Tuesday, March 23, 2010

My new Space

SO its Tuesday night and I am in my new apartment with my roomate I found online. New York is such a different place in comparison to Florida. I feel like I needed to escape for life in the south and relocate to the north. It is so funny that once you get what you want its like you really never wanted it in the first place. I feel so sad here without my friends amd my family. I cried today so hard I felt like it would never stop. I sobbed and sobbed and wanted to just go back home. I need this for myself, I need to learn how to be alone, on my own and also how to change my own tires and light bulb, prepare a meal for myself. I was so spoiled with my mom always having dinner at home for me and even spreading my bed if I was in a rush in the daytime before work.

She drove up here with me amd to seperate at the airport was like the hardest part. My mother never cries and I do not around her either.
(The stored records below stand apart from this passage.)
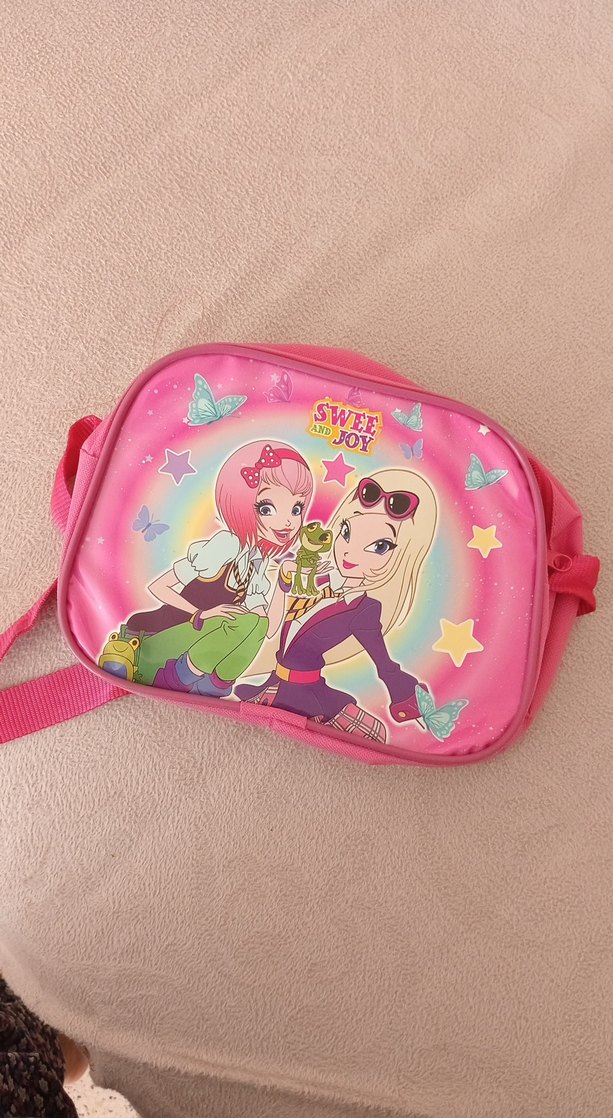 Pastel pembe çocuk okul çantası, kelebek ve yıldız desenleriyle süslenmiş renkli karikatür baskısına sahiptir. Ayarlanabilir askısı vardır.
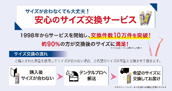 使用時にサイズが合わなかった場合でも、希望のサイズに交換できる「サイズ交換サービス」をご用意。初めて歯間ブラシを選ぶ方でも、安心して自分に合うサイズを見つけられるサポート体制を整えています。1998年に開始した同サービスは、2024年に累計利用数10万件を達成しました。
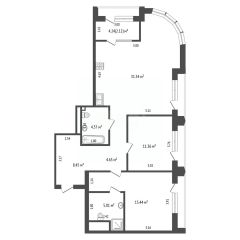 Общая площадь квартиры составляет 86 м², что обеспечивает комфорт и свободу для жизни. Всего 4 квартиры на площадке гарантируют тишину и спокойствие. Высота потолков в 3,10 м создает ощущение простора и света.
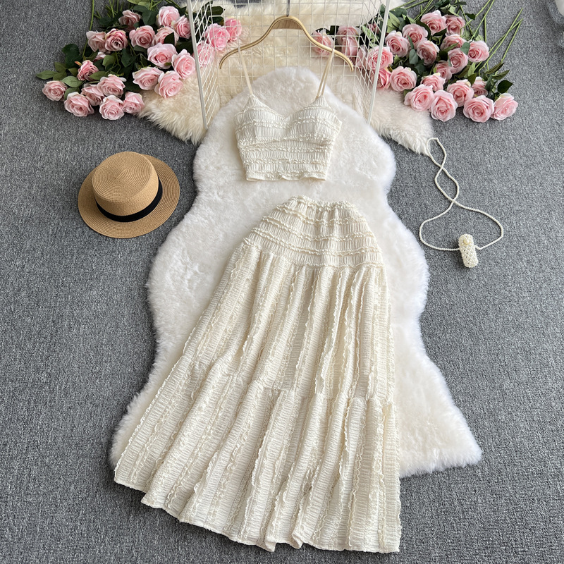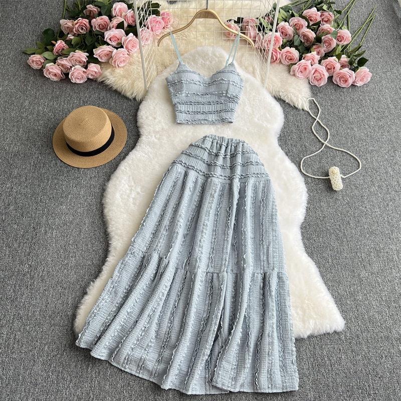 나이를 줄이는 세트 여성 여름 착용 2023 새로운 스트랩 탑 짧은 다용도 대형 스윙 스커트 달콤한 투피스 세트 패션스토어 가기
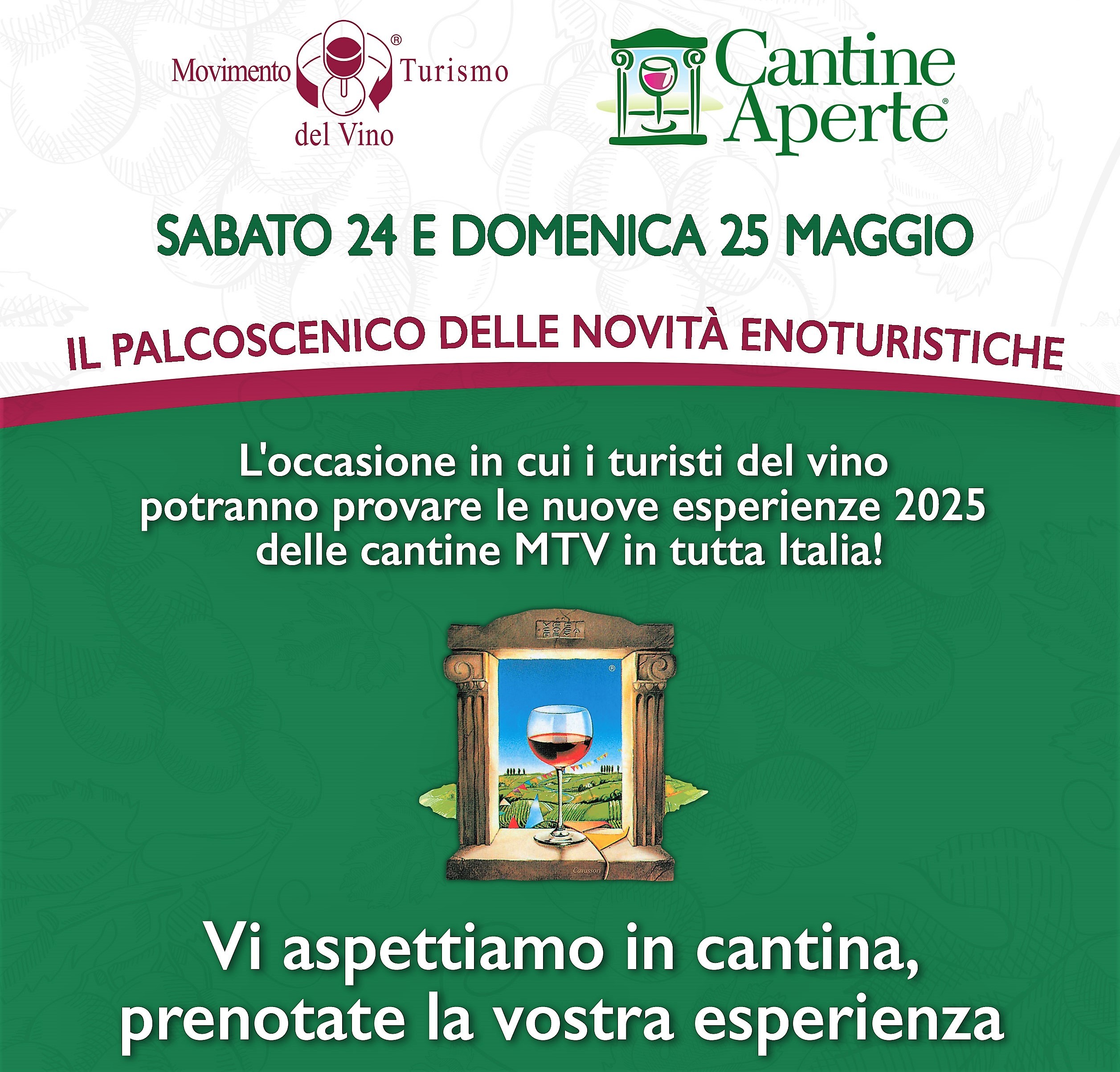 Stay tuned per scoprire tutti i programmi regionali di Cantine Aperte 2025, in corso di aggiornamento su: http://www.movimentoturismovino.it/

For us to seperate at the airport like that was the hardest thing I think I have ever done. Ok Ok No more tears please. They return... My first day is tomorrow at this new company in NY I will tell you what happend.

Talk later :)

Tuesday, March 16, 2010

Goodbye

My farewell party made me tear up the entire time. I got all the food prepared and all the invites were sent out about a week prior. My friends all showed up and expressed their love for me. I will miss everyone oh so badly. Everything makes me cry. I don't think I have cried this much in my entire life. I will miss my mother, Kimberlys infectious laugh, Lori and her daughter, Awa and her caring thoughts, Edwith and her very funny jokes. The list goes on with all the people I will miss. Most of all I will miss my mother.

Now I am at the dealer getting my car serviced. Its going to be like $500.00 WTH (what the hell lol). ALright.

Talk later

Monday, March 15, 2010

Love Come Down.

Last night when I got home I felt so lonely as usual. I chatted with a couple friends before laying down to sleep. My body was so tired but my mind was wide awake. I had the chance to watch a movie called, "Love Come Down" with Larenz Tate and Deborah Cox. I think that movie was so well written it was based on true events. Its about drugs, abuse, love and the need for a family. If you have a chance to watch this movie you should. At the end of the movie I just sat there crying. The movie was so touching. It makes you realize how much you have and to appreciate what you have.

Anyways so I just woke up and talking to a wonderful friend of mine. Her words are ones of constant comfort we shared so many years together. Today I have the day off and have to prepare for my farewell party to NY!

Talk Later :)

Sunday, March 14, 2010

Story of my life. I am about to embark on a new chronicle in my life and it seems that this is the only place I can express myself without judgement. Its 122am and I live in South FLorida. In a few short hours I will be relocating for the first time to another city. I will be alone in upstate New York. I will explain the entire reasoning behind that specific location and we shall try to figure out why I do the thing that I do. Its such a long story but I will start of from the beginning.